Bu sözler üzerine genç Muhammed b. Ali Tirmizî’nin gönlüne dert
düştü ve arkadaşlarıyla yaptığı anlaşmayı bozup seferden vazgeçti. İki arkadaşı
ise onu yalnız bırakıp, ilim tahsili için yola çıktılar. Buna ziyadesiyle
üzülen Muhammed b. Ali, ne annesinden ayrılabildi nede gönlünden ilim aşkını
silip atabildi. Yalnız kaldığı zamanlarda, tenha yerlerde uzun uzun ağlardı.

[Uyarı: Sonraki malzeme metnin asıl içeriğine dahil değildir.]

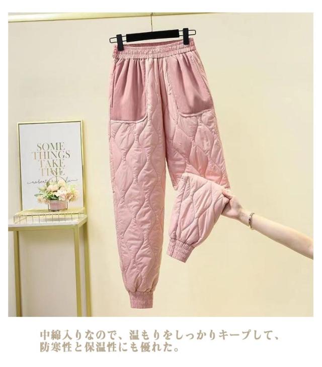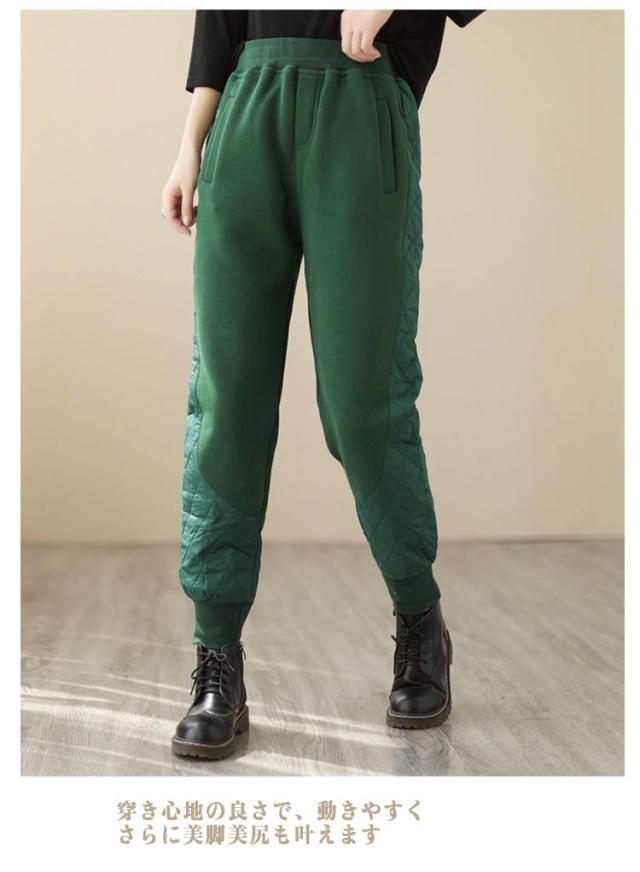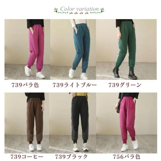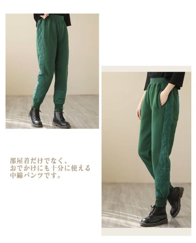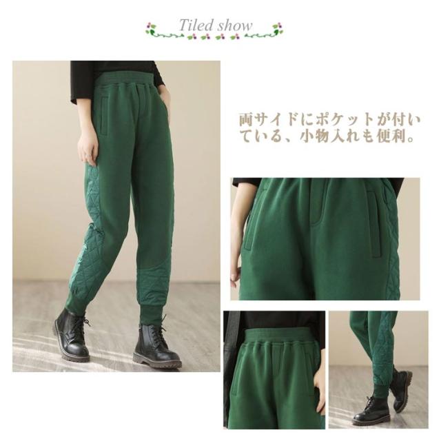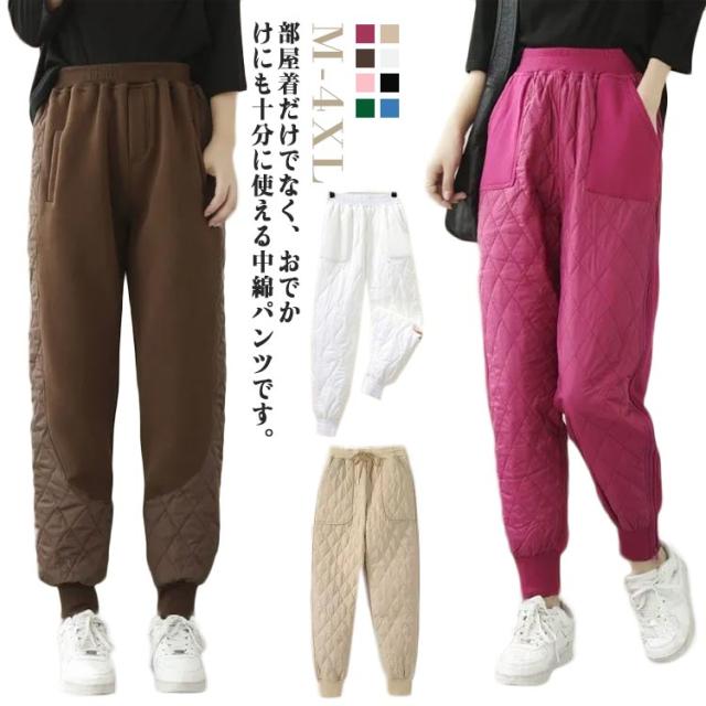 キルティング 防寒パンツ レディース 秋冬 中綿入り パンツ ロングパンツ 秋 テーパードパンツ ガウチョパンツ ボトムス 無地 ウエストゴム 暖かい 大きいサイズ 体型カバー ポケット付き 厚手 ルームウェア 部屋着 40代 50代 30代 秋 冬 送料無料

Yine bir gün mezarlıkta oturmuş ağlıyor, hem de; “Ben burada
cahil ve ilimden mahrum kaldım, arkadaşlarım âlim gelecekler!” diye
düşünüyordu. Böyle ağladığı bir sırada yanına aniden nuranî yüzlü, tatlı sözlü
bir ihtiyar çıkageldi ve “Yavrum, niye ağlıyorsun?” diye sordu. O da
başından geçenleri anlattı.
Bunun üzerine o zat, “Kısa zamanda o iki arkadaşını ilimde
geçmen için, her gün sana ders vermemi arzu eder misin?” diye sordu. O da, “Evet,
arzu ederim!” cevabını verdi. Bunun üzerine bu tatlı sözlü, nurlu yüzlü
mübarek ihtiyar, Muhabbet b. Ali’ye her gün ders verdi. Üç yıl devamlı ders
okudu. Üç yıl sonra, bu mübarek zatın Hızır Aleyhisselâm olduğunu anladı.
Hakîm-i Tirmizî şöyle demiştir; “Bu büyük devlet bana,
annemin rızası ve duası bereketiyle ihsan olundu!”